Isolation of cDNA sequences encoding surface protein SUA

Monoclonal antibody mAbl. 1ASML was used to find cDNA sequences encoding SUA in a bacterial expression library. This library was constructed using polyA + RNA derived from BSp73ASML cells and the pEX vector system (Stanley & Luzio, 1984). These cDNA sequences ... the products encoded are expressed as β-galactosidase fusion protein • * '; nasal antibodies. The cDNA clone positive for monoclonal antibody I1.11.11, thus designated pEX34, comprises a 167 nucleotide cDNA sequence fragment.
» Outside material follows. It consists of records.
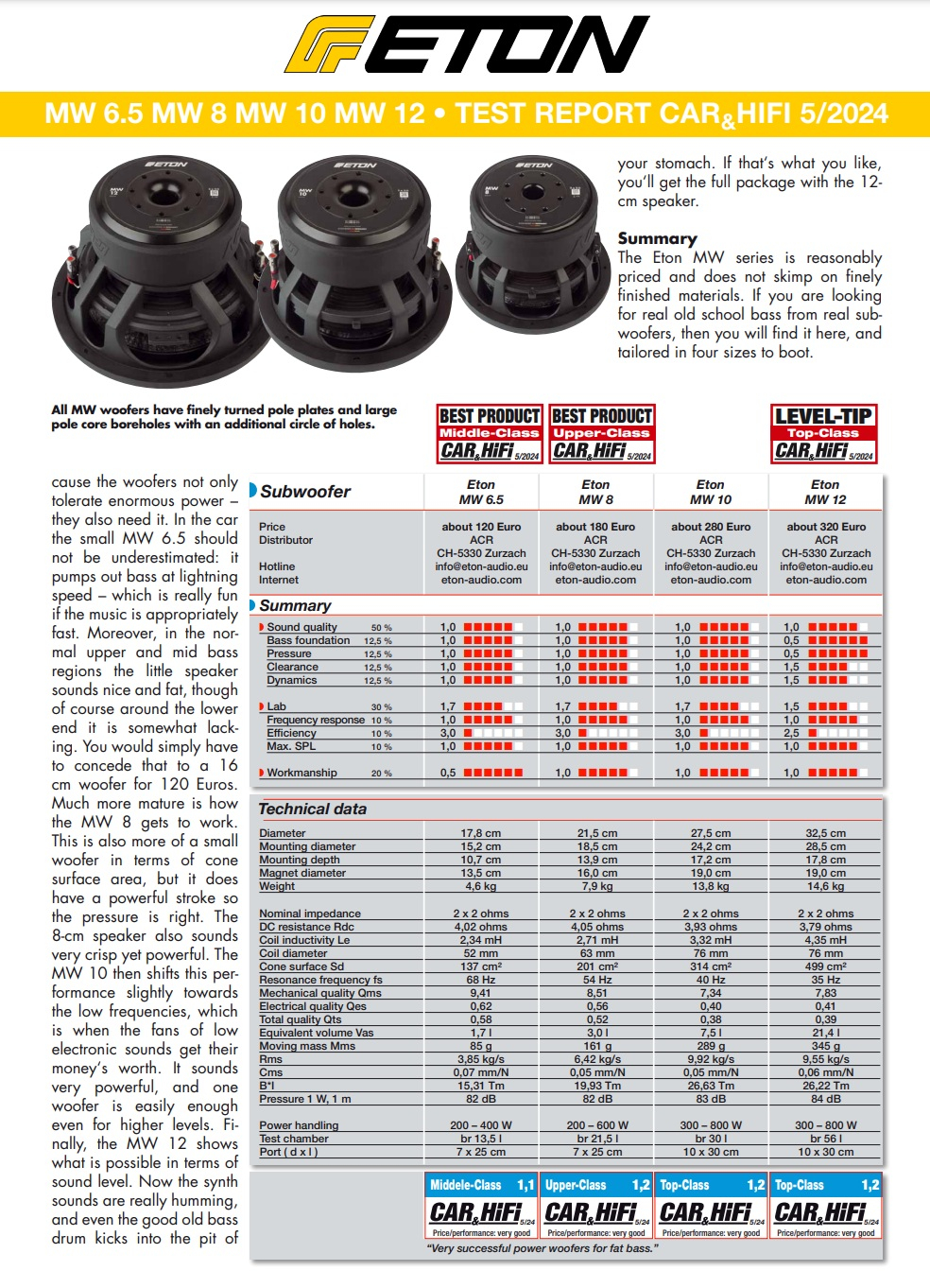 Noua serie de subwoofere Performance – MW! Putere maxima, lovituri dure ca stanca si bass profund. Dinamic cu niveluri extreme, pentru bas cu cel mai bun factor de distractie: Materiale dovedite de con si imprejurimi in cosuri din aluminiu turnat sub presiune ranforsat, acoperite cu pulbere, bobine duble de rezistenta si sisteme de magneti de ferita extrem de puternice asigura performanta extrema a basului la cel mai bun raport pret-performanta.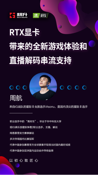 来自iG战队的星际II虫族选手周航(iAsonu),是我们这次讨论会的嘉宾之一,被誉为职业选手中的“高材生”的他,毕业于华中科技大学,多次夺得国内比赛冠军,为中国电竞作出重要贡献,曾经代表中国参加第五届亚洲室内与武道运动会电竞项目的比赛,并在决赛中击败同为来自中国的选手王磊(XiGua)。国手周航如今除了拥有星际II职业选手这个身份外,在闲暇之余还作为主播和解说为星际II竭尽所能。这次讨论会,他将为我们讲解GeForce® RTX SUPER™系列显卡带来的全新游戏体验以及在直播使用NVENC解码器所带来的体验心得。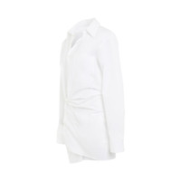 Be effortlessly stylish in this Poplin Twist Shirt Dress. Crafted from crisp white fabric, it features a twist detail at the neckline, a self-tie waist belt, and hidden side pockets for a polished look. Its soft handle is designed to keep you comfortable all day long. - Composition: 100% Cotton - Asymmetric design - Spread collar - Front button fastening - Long sleeves - Buttoned cuffs - Asymmetric hem SKU: OWDG005F23FAB0040101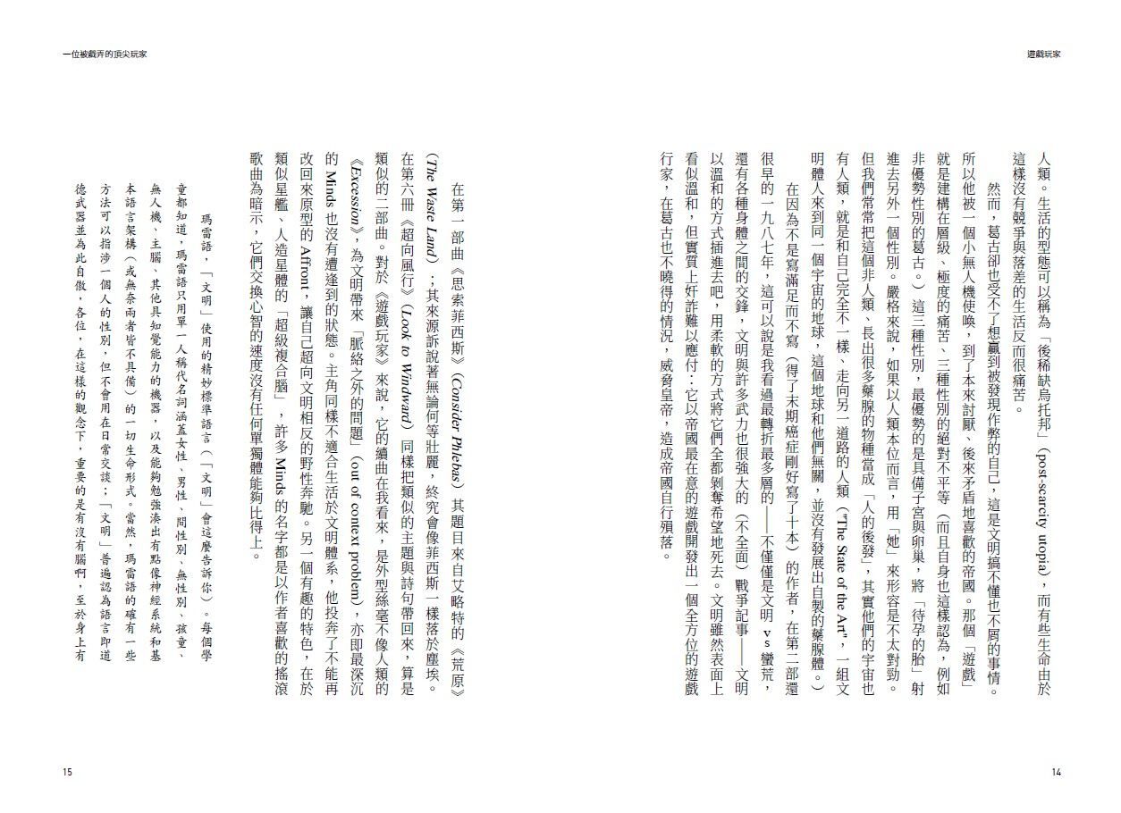 在第一部曲《思索菲西斯》(Consider Phlebas)其題目來自艾略特的《荒原》(The Waste Land);其來源訴說著無論何等壯麗,終究會像菲西斯一樣落於塵埃。在第六冊《超向風行》(Look to Windward)同樣把類似的主題與詩句帶回來,算是類似的二部曲。對於《遊戲玩家》來說,它的續曲在我看來,是外型絲毫不像人類的《Excession》,為文明帶來「脈絡之外的問題」(out of context problem),亦即最深沉的Minds也沒有遭逢到的狀態。主角同樣不適合生活於文明體系,他投奔了不能再改回來原型的Affront,讓自己超向文明相反的野性奔馳。另一個有趣的特色,在於類似星艦、人造星體的「超級複合腦」,許多Minds的名字都是以作者喜歡的搖滾歌曲為暗示,它們交換心智的速度沒有任何單獨體能夠比得上。

This cDNA fragment was then utilized to examine the larger cDNA library present in vector pSP65, also obtained from::: BSp73ASML RNA. One of these clones isolated in this way, pM66, was then used, so-called "plaque" extension (starting oligonucleotide) and polymerase chain reaction (PCR), to aid in isolation of the full-length cDNA clone pMeta-1. Full length detection was obtained by primer extension '(3207 nucleotides). Collinearity BSp73ASML Tumor 9; mRNA was detected by RNase and SI · · · · · ·, protective analysis.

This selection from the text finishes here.